I would because I am getting thoroughly confused, which is something I perhaps do quite frequently, I accept. I will read out again from the JCHR report. It says:
“The policy paper that preceded the Bill, the Government’s ‘New Plan for Immigration’, gave a more detailed indication of what different treatment may look like, as it proposed that instead of fully fledged refugee status, Group 2 refugees would be granted ‘temporary protection’ for a period of no longer than 30 months ‘after which individuals [would] be reassessed for return to their country of origin or removal to a safe third country.’ Temporary protection status ‘will not include an automatic right to settle in the UK, family reunion rights will be restricted and there will be no recourse to public funds except in cases of destitution.’”

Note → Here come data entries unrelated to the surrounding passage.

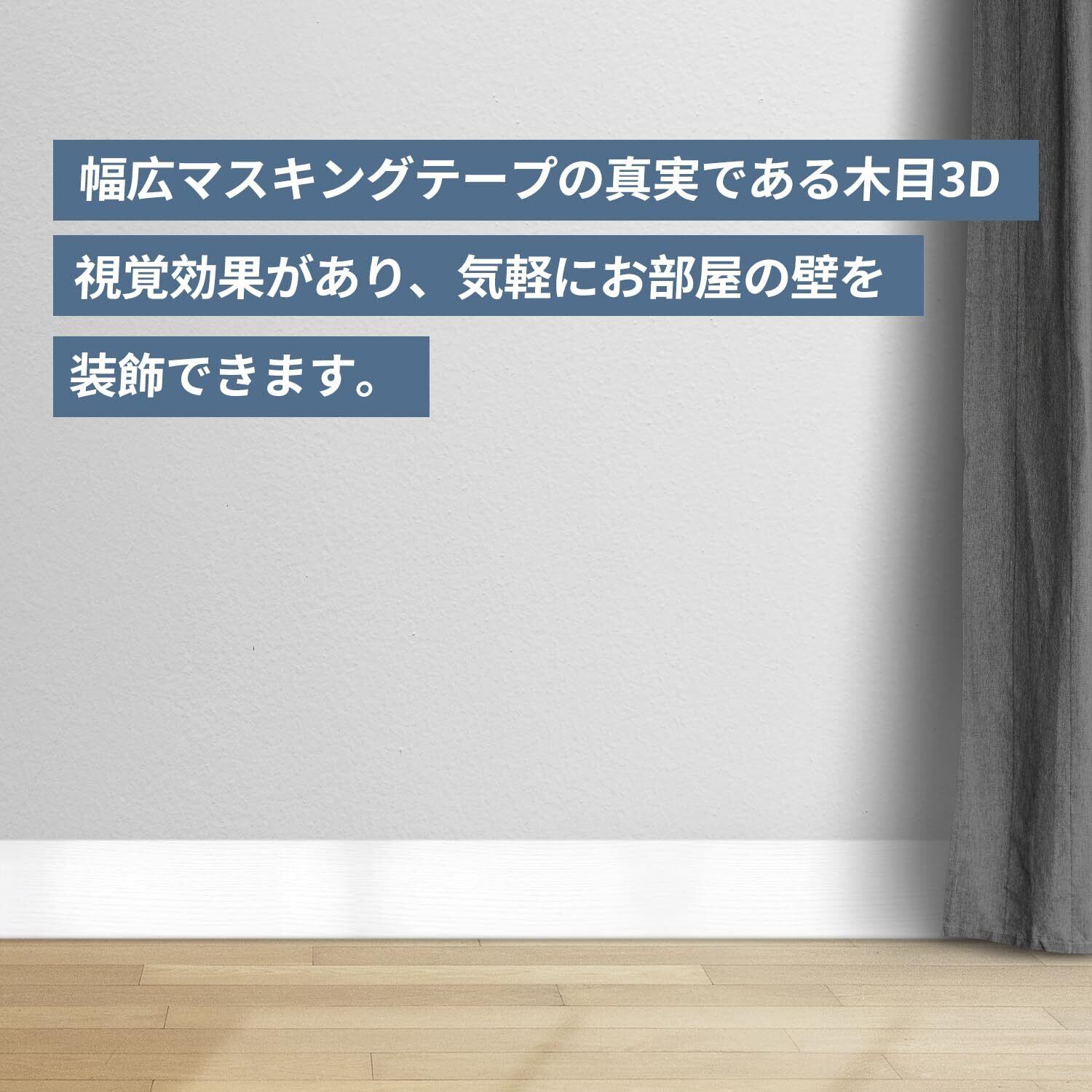 【用途広い、家具や壁をリフォームする】幅広マスキングテープの真実である木目3D視覚効果があり、気軽にお部屋の壁を装飾できます。壁、窓枠、巾木、襖や扉、ドア枠、引き出し、本棚、古い家具、玄関、リビング、キッチン、トイレ、お風呂、洗面所などの場所に使用できます。お気軽にお部屋の模様替え、気分転換を楽しめましょう!
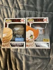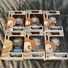 Funko Pop! IT / Pennywise bundle includes: 1) Pennywise (with boat) #472 2) Pennywise (with teeth) #473 FYE exclusive 3) Pennywise (with wig) #474 - Walmart exclusive 4) Pennywise (with ballon) #475 - Hot Topic exclusive 5) Pennywise (with spider legs) #542 6) Pennywise (with wrought iron) #544 FYE exclusive All these Funko Pops are in very good condition, make to check out the pictures. There aren’t any tears or damage done to their boxes, as far as I can tell. Also, they’ve never been taken out of their boxes. All these Funko Pops are sold as is.
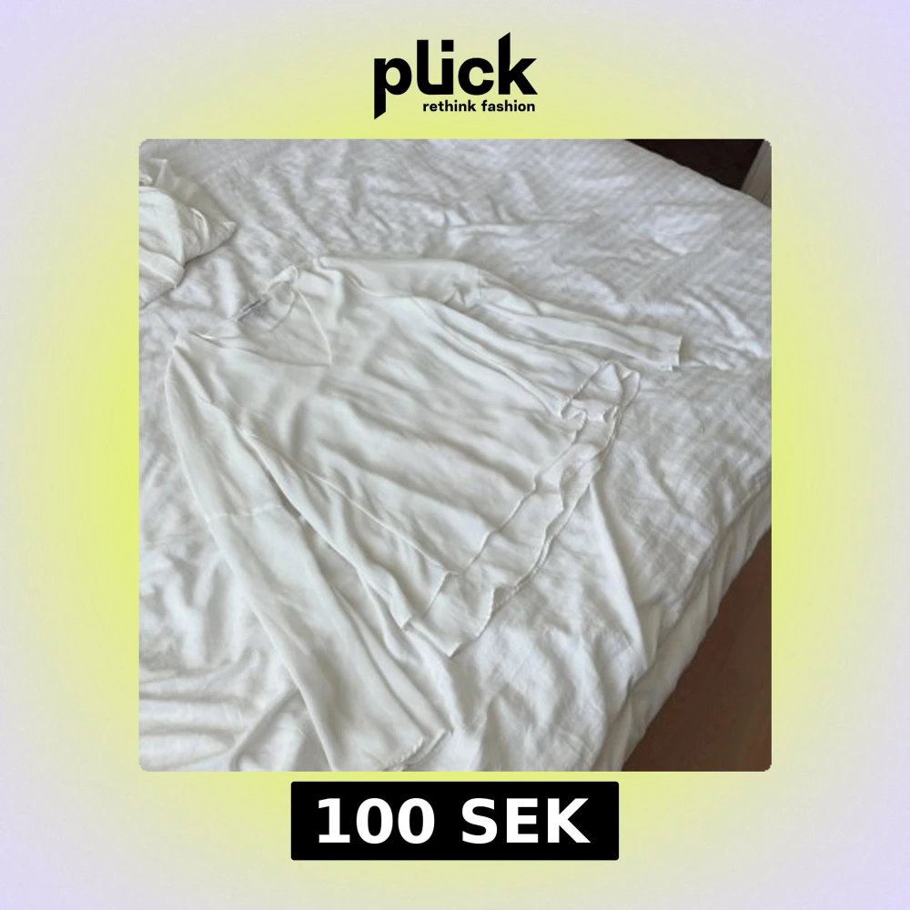 Säljer en stilren vit blus från KappAhl i storlek 34. Blusen har v-ringning, långa ärmar och dubbla lager tyg som ger en flowy känsla. Perfekt för dig som gillar en clean och fräsch look. Materialet känns lätt och luftigt.
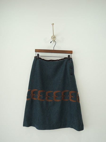 デザイン:2012-13AWコレクション mina perhonen「go!」の刺繍入りスカートです。カラーはくすんだグリーン(プライスタグ・ブルー)で、柔らかな毛羽のある素材であしらわれております。左腰ボタンで着脱でき、刺繍入りです。裏地付きで、定価は39、900円です。
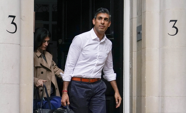 리시 수낵 영국 전 재무장관이 23일(현지시간) 런던에 있는 그의 선거사무소를 나서고 있다. [사진=뉴시스]
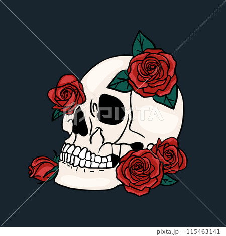 Skull design. Bright Magic Psychedelic Mushrooms and skulls. Tattoo template of skull
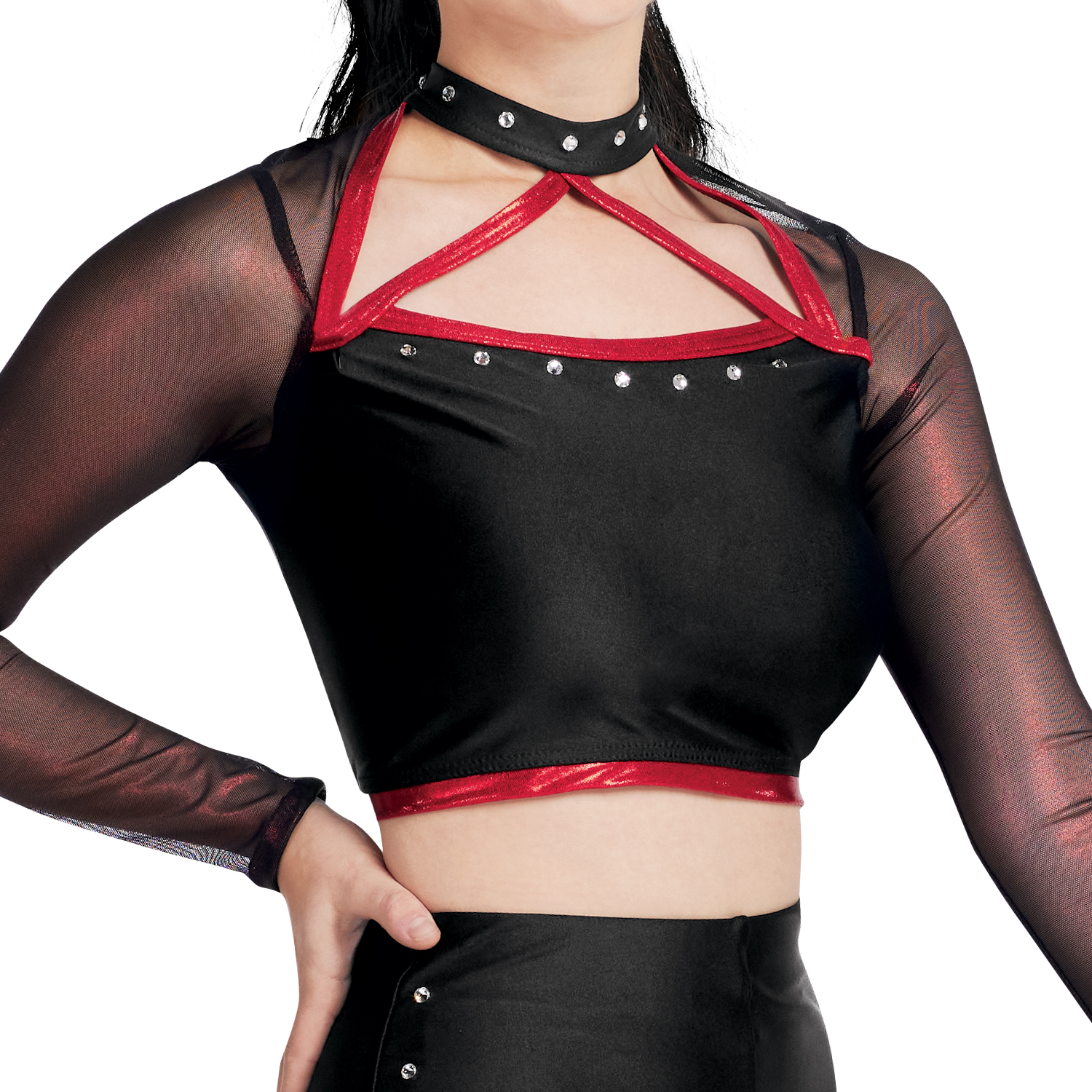 Long Sleeve Open Bodice Crop Top with a Mock Neck Collar and Rhinestones, Zippered Back Entry
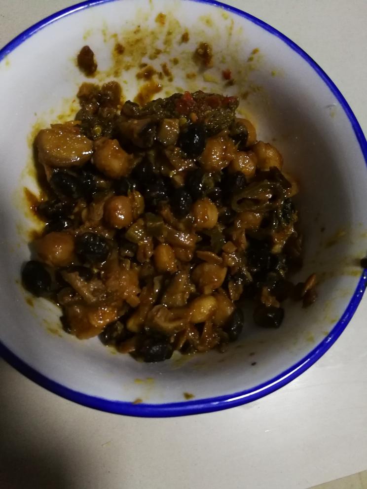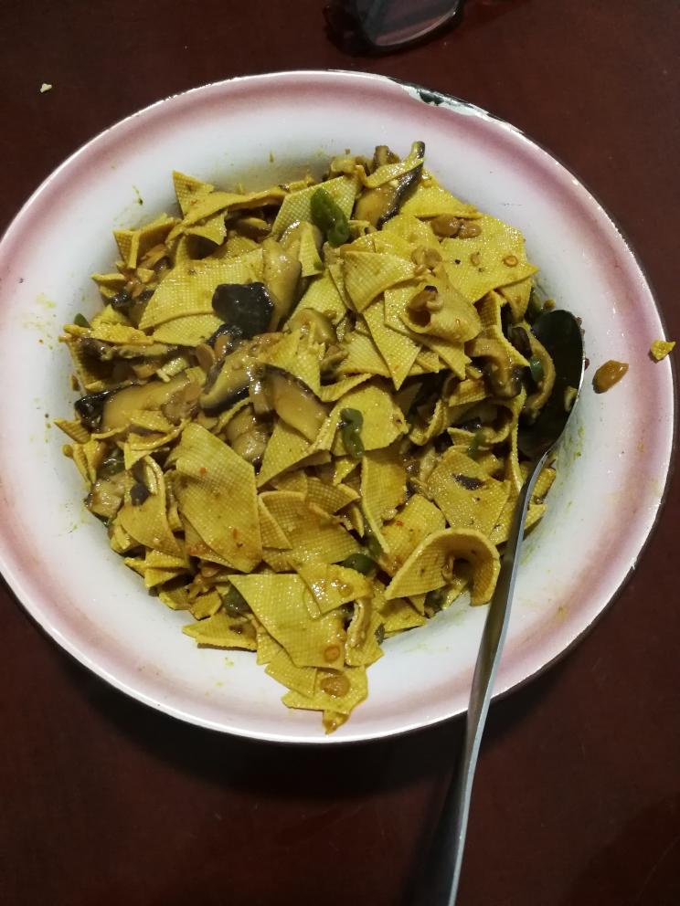 还是香菇,橙子,辣椒,黄豆酱这几样,加上千张切菱形,汁水收净,和超市里香菇豆干味道差不多。主要是人出不去,权当零嘴吃了
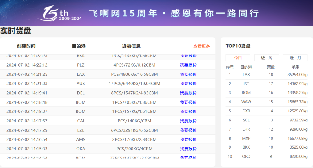 飞啊网升级上线的实时货盘板块,实时滚动播出当前货盘信息以及当日TOP10 货盘,展示货盘的目的港、件毛体等实时信息,用户可以快速查找所需货盘,点击“我要报价”按钮,即可直接进行相关报价及订舱操作,方便快捷。
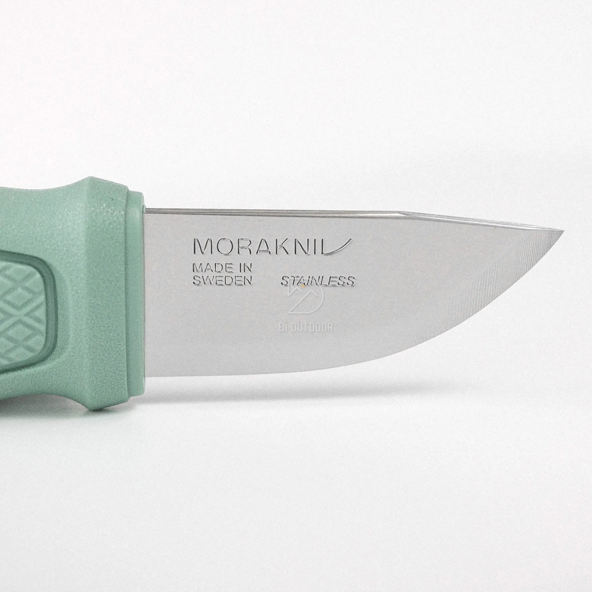 - Lưỡi thép không gỉ sáng bóng: Sử dụng thép không gỉ đặc trưng của Morakniv, lưỡi dao được xử lý nhiệt tinh xảo giúp giữ độ sắc lâu và chống rỉ sét tuyệt đối. Bề mặt lưỡi được đánh bóng gương tạo vẻ ngoài tinh tế và sạch sẽ.

Those are quotations from the Government’s New Plan for Immigration policy statement. In relation to group 2 refugees, who are being created by Clause 11 —that is the new bit and what the Bill is doing—it quite clearly states:
“family reunion rights will be restricted”.
I ask again: is that correct or incorrect? If it is not, why is it written in the JCHR report? If the Minister is going to tell me that the JCHR has got it wrong, please say so clearly now.
Before the noble Baroness responds, I add that I do not think that the noble Lord, Lord Rosser, is confused: I fear that the Minister is being mildly disingenuous with us. Can she confirm that there is a difference in the intended treatment of group 1 and group 2 refugees as concerns family reunion? Otherwise, what is the point of Clause 11(6):
“The Secretary of State or an immigration officer may … treat the family members of Group 1 and Group 2 refugees differently, for example in respect of … whether to give the person leave to enter or remain”
et cetera? What is the point of this being in the Bill if there is no intention to treat group 2 refugees differently? The Minister told us about how this will not breach the refugee convention and so on. I asked specifically about the comments on Article 8, and I look forward to her replying specifically on that. But can she confirm whether their intention is to treat group 1 and group 2 refugees differently in terms of rights to family reunion?
May I just add to that? Clause 11(5) says:
“The Secretary of State or an immigration officer may treat Group 1 and Group 2 refugees differently, for example in respect of … whether leave to enter or remain is given to members of the refugee’s family.”